Livro Matrioska. Disponível em http://estudiomadalena.com.br/livrariamadalena/produto/matrioska/

Com relação à ideia dos suportes conforme observado nos trabalhos em pauta, seria possível adotarmos a ideia de remediação proposta por Bolter e Grusin (1999). Na perspectiva dos especialistas, consiste no processo através do qual surge a remodelação de ferramentas ou artefatos já existentes, de forma que pareçam novos. No sentido geral, o termo expressa a lógica formal através da qual os novos meios reformulam os meios anteriores. No caso da fotografia podemos aplicar a ideia quando observamos o atual modelo de captação e conceitualização digital que conserva muitos fundamentos postulados anteriormente quando a fotografia praticada operava no modo analógico. As fotografias eram gravadas em película fotossensível e, para serem vistas, passavam pelo processo de revelação em papel, por exemplo. Segundo o princípio da remediação, a fotografia digital atualiza novas formas ao meio quando as imagens passam a ser gravadas num sensor e armazenadas no cartão de memória para visualização no computador, e não mais através do princípio fotoquímico. Neste sentido, elaboram uma crítica às novas tecnologias digitais afirmando que os dispositivos e recursos desta era seriam nada menos do que uma nova roupagem para

equipamentos antigos, uma adaptação a partir dos princípios fundadores de algo, utilizando o suporte anterior para aparecer com funções aptas a operar no universo digital.

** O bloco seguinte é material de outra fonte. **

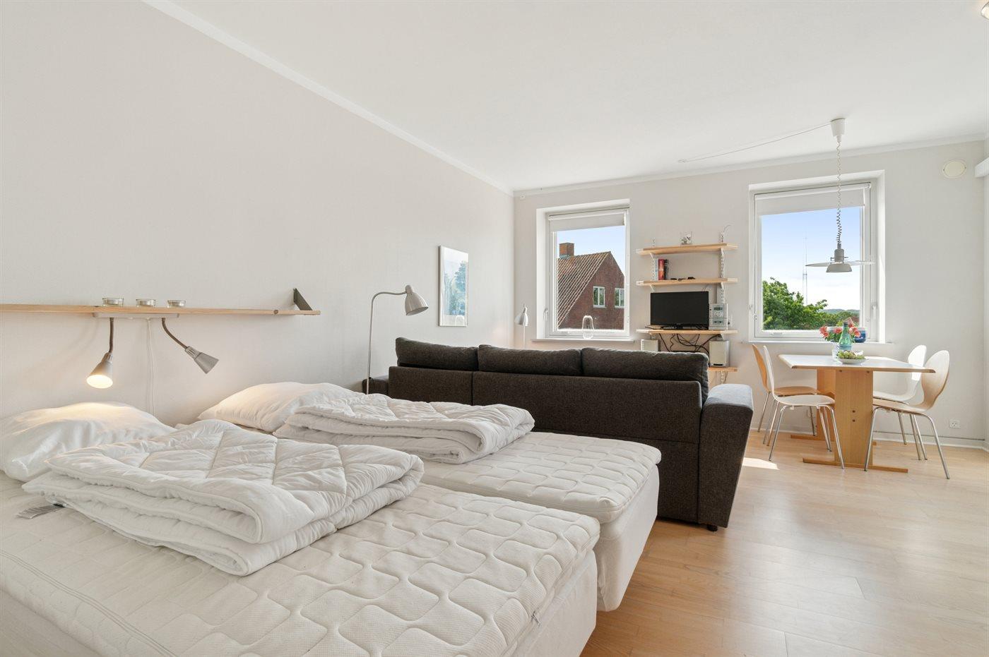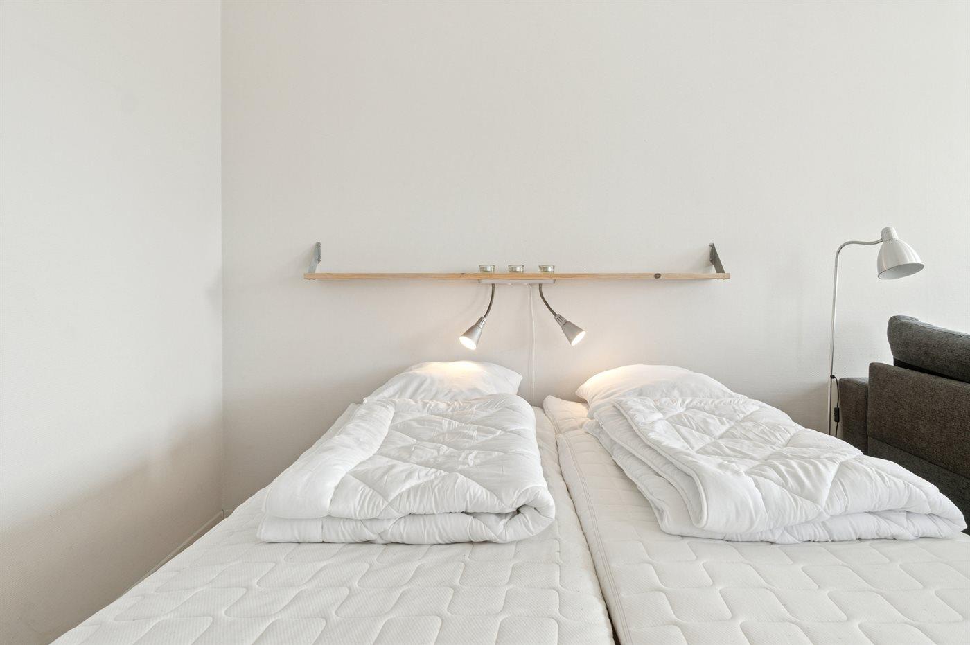 2 sovepladser i dobbeltseng. Disse 2 sovepladser befinder sig i stuen.
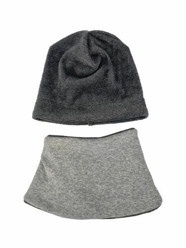 Set caciula cu protectie gat Fleece Gray pentru copii 3-6 luni din bumbac
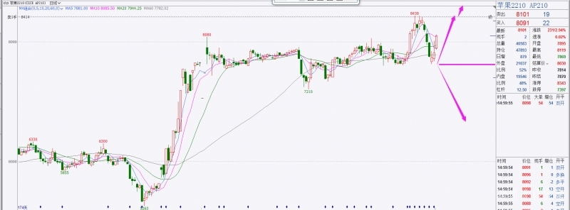 苹果10如果持仓比较大,持续站稳8000,技术上就要看多了,如果基本面和资金配合,很可能疯狂拉涨,上升想象空间很大。拉不上去,也有资金会进来砸盘,目前方向不明。所以建议散户暂时别动手,观望等方向,先让机构烧点钱,点把火。
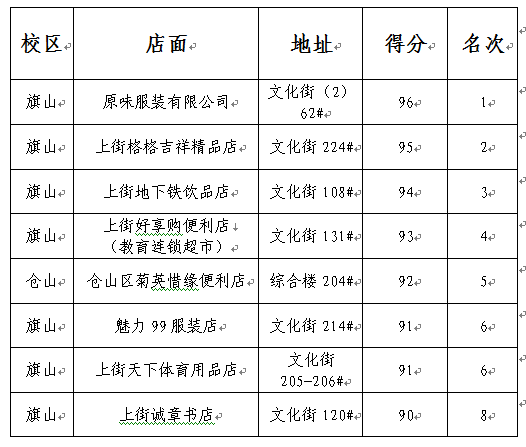 根据校文明办《关于开展校内商业网点“2015年度诚信经营示范店”评比活动的通知》(师委文办〔2015〕4号),经校内各经营商店自愿申报、后勤服务集团条件审核、校评比小组现场考评,拟授予旗山校区原味服装有限公司(地址:文化街(2)62#)等8家商店“2015年度诚信经营示范店”称号。
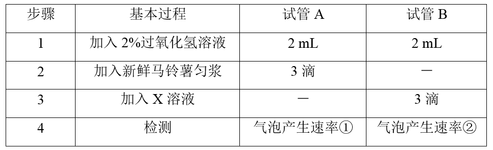 (4)如果表中X溶液为煮熟马铃薯匀浆,研究人员检测发现试管B中气泡产生速率较A试管明显减少,可能的原因是___________________________________。

Na concepção, os livros fotográficos, cartões-postais e os ímãs de geladeira funcionariam como objetos remediados do ambiente on-line onde existiam como objeto virtual, de acordo com determinados protocolos para sua visualização e consumo. Assim, entendemos que as mídias já existentes antes da tecnologia digital, como a pintura, o cinema, o vídeo que se tornam códigos numéricos no ambiente digital e on-line, passam a adquirir infinitas possibilidades de recriação que podem ser compreendidas pelo princípio da remediação.

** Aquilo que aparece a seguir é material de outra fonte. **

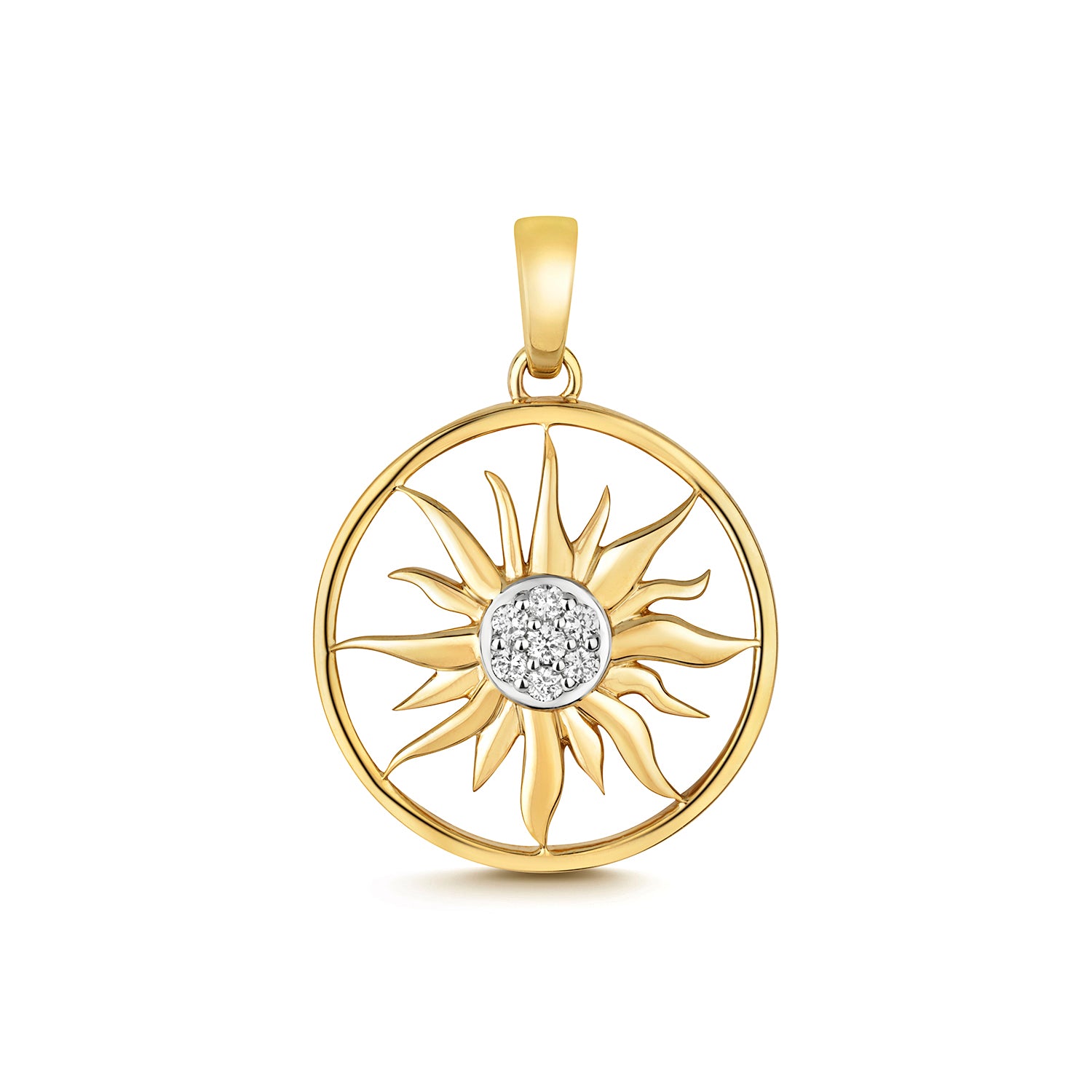 This elegant pendant features a radiant sun design, expertly crafted from 9ct yellow Gold. The centerpiece of this stunning piece is set with a cluster of 7 brilliant cut Diamonds, set to sparkle at the heart of the sun.
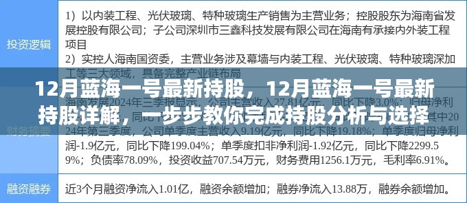 随着金融市场的日益繁荣,越来越多的投资者开始关注各类投资产品,其中股票投资因其高收益潜力备受瞩目,本文将针对12月蓝海一号最新持股情况进行分析,并引导读者如何完成持股分析任务,掌握相关技能,无论你是投资初学者还是进阶用户,都可以通过阅读本文获取宝贵的投资知识和实用技巧。

A ideia de uma escritura da arte que incorpore movimentos mais recentes e suas projeções e perspectivas diversas envolve o exercício do olhar constantemente reatualizado para novas teorizações sobre os deslocamentos e as configurações instauradas no mundo contemporâneo. “Agindo sobre novos circuitos, a arte se abre para outros formatos expressivos atuando, muitas vezes, na convergência das linguagens”, enfatiza Arantes (2015, p.30-31), pois, “para além de seu caráter objetual, incorpora a transitoriedade, a efemeridade, o tempo, a participação, a impermanência, as práticas colaborativas e relacionais em seu fazer”.

Em paralelo ao processo de remediação podemos destacar o princípio da fusão ou interfaceamento entre linguagens que, de acordo com o pensamento de Arantes (2015, p.44- 45) vem, desde anos 1970 para cá, em função de obras que transbordam para além dessas especificidades, pois, começa a se esboçar outro discurso que aponta para processos de contaminação entre as linguagens.

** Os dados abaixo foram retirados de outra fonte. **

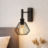 Minimalistyczny prostokątny stelaż w białym lub czarnym kolorze doskonale współgra z drucianym kloszem dostępnym w 2 wariantach kolorystycznych: białym oraz czarnym. Model wyposażony jest w klosz w kształcie diamentu o standardowym dla kinkietów rozmiarze, czyli 13 cm wysokości oraz 16,5 cm szerokości. Cała lampa natomiast jest wysoka na 27,5 cm oraz szeroka na 23 cm. Dzięki temu, że klosz wraz z żarówką skierowany jest w dół, oprawa może pełnić funkcję kinkietu do czytania. Rozproszone światło nie będzie razić w oczy po wstaniu z łóżka, ale za to czytając z pozycji leżącej, światło znad głowy świetnie oświetli strony czytanej książki.
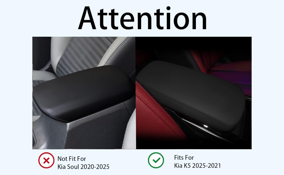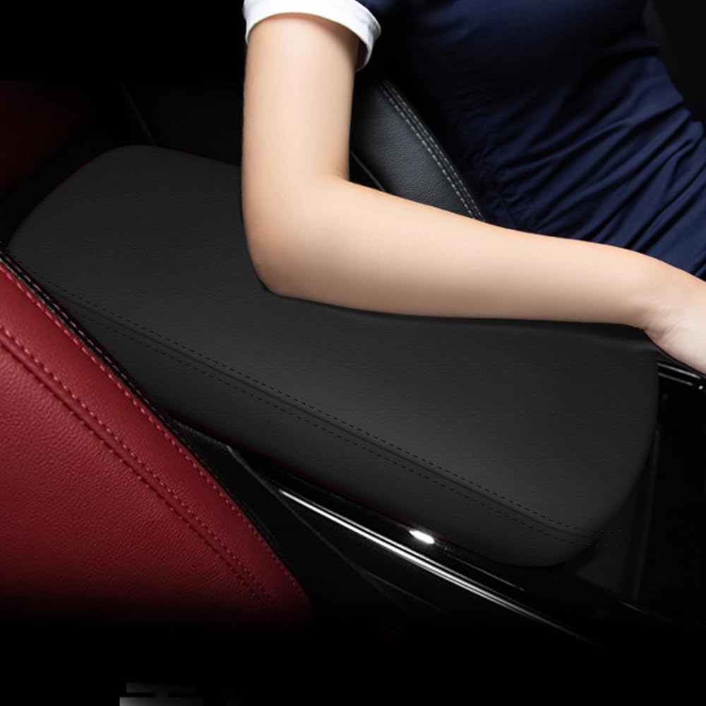 Car Armrest Cover for Kia K5 Accessories 2021 2022 2023 2024 2025 Leather Center Console Arm Rest Box Lid Seat Cover Protector Cushion Saver (Black Stitches, 2021-2025)
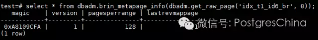 4. 最后一个revmap page的位置,本例是1。这也和我们之前获取page type的数据相匹配,第二个page也就是page 1是revmap page。而之后的两个page则为regular page。PG中,page的编号从0开始;

Assim, tanto na ideia dos retratos como cartões-postais, dos ímãs de geladeira e dos livros de fotografias, à semelhança dos álbuns de retratos, o conjunto de trabalhos sugere, também, indicativos para pensar na questão dos trânsitos e deslocamentos do corpográfico. O conceito ao qual já nos referimos para explicitar as grafias do corpo em imagens expressas na rede torna a enfatizar, do ponto de vista da relação com o espectador, uma instigante imagem íntima que não revela a identidade do usuário ao mesmo tempo em que se funde com ela ao sugerir o pensamento de que as imagens bem poderiam ser um autorretrato. Desse modo, refletem cenas de suas experiências na presença física mediada pelo dispositivo e narradas pela rede social. Dentro da perspectiva do relacionamento artista-obra-público, o indivíduo espectador não fica de fora somente a contemplar o desenvolvimento ou o produto dessas imagens, mas participa ativamente da sua configuração por meio da identificação com aspectos das narrativas íntimas.